Anion Gap = -ve charge of unmeasured ions
Anion Gap = [Na+] + [K+] - ([Cl-] + [HCO3-])
→ if lactic acidosis, we use HCO3- to neutralize the acid from lactic acid dissociation. So in this case, HCO3- is utilized and not replaced with anything → Increase anion gap.
→ if diarrhea, we totally lost HCO3- from the intestinal fluid. But our body retained Cl- to neutralize the electrical charge. No total net lost → Anion gap normal.

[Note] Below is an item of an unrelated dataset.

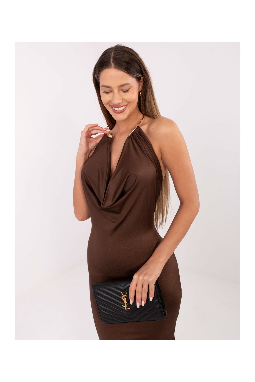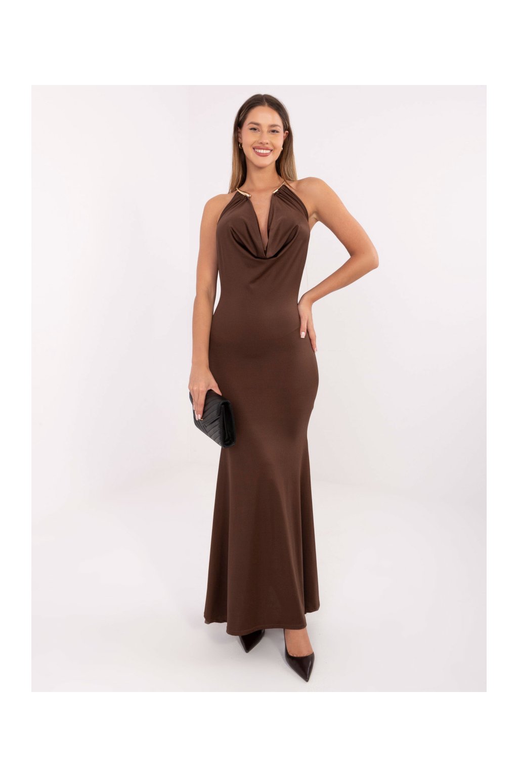 Dlouhé šaty s efektním výstřihem Italy Fashion hnědé
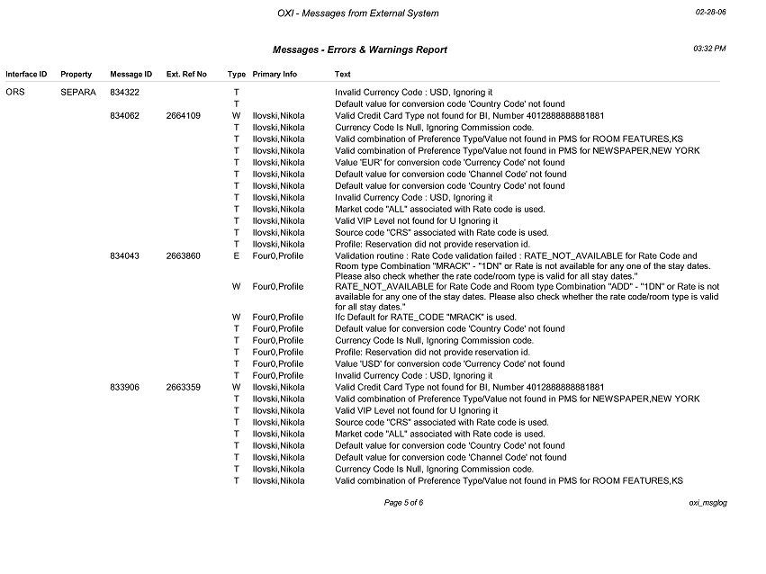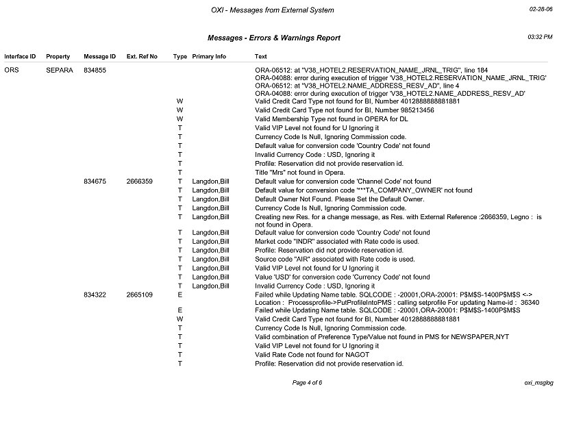 This report captures error messages and warnings for a particular interface/property based on the selection criteria used on the OXI Message Status screen. This report (shown below as Messages from an External System) contains the following data, by column:

Acid-base status in Salicylate Poisoning
- Mixed acid-base disorder
→ Early - Primary respiratory alkalosis (Hyperventilating)
→ Late - Metabolic acidosis (HAGMA)

Henderson-Hasselbalch equation
pH = 6.1 + log [HCO3-]/0.03 x pCO2

Reaction of Hyperventilating
CO2 + H2O ←> H2CO3 ←> H+ + HCO3-
- CO2 combines with water (catalyzed by carbonic anhydrase) to form carbonic acid (H2CO3).
- Carbonic acid dissociates into H+ and HCO3-
- This rxn is reversible and helps maintain acid-base balance.
- In hyperventilation, CO2 is lost, shifting the reaction to the left, decreasing H+ concentration and increasing pH (respiratory alkalosis)

Why HCO3- is low?
1. Early phase
- Hyperventilation lowers PCO2 (respiratory alkalosis)
- The kidneys compensate by excreting bicarbonate, reducing plasma HCO3-.

2. Late phase
- Salicylates uncouple oxidative phosphorylation, causing increased production of lactic acid and ketoacids.
- Bicarbonate is consumed while buffering these excess acids.
- This leads to high anion gap metabolic acidosis.

Renal compensation
- In response to respiratory alkalosis (high pH, low H+), the kidneys:
→ Decrease H+ secretion - don’t want further losses in urine.
→ Decrease HCO3- reabsorption in the PCT.
→ Increase bicarbonate excretion in urine.
→ Retain H+.

How does acetylsalicylic acid cause hyperventilation?
- Salicylate directly stimulates the respiratory centre in the medulla oblongata.
- This increases the rate and depth of breathing (hyperventilation).
- Excessive exhalation of CO2 lowers PCO2.
- The fall in CO2 reduces H+ concentration, producing primary respiratory alkalosis.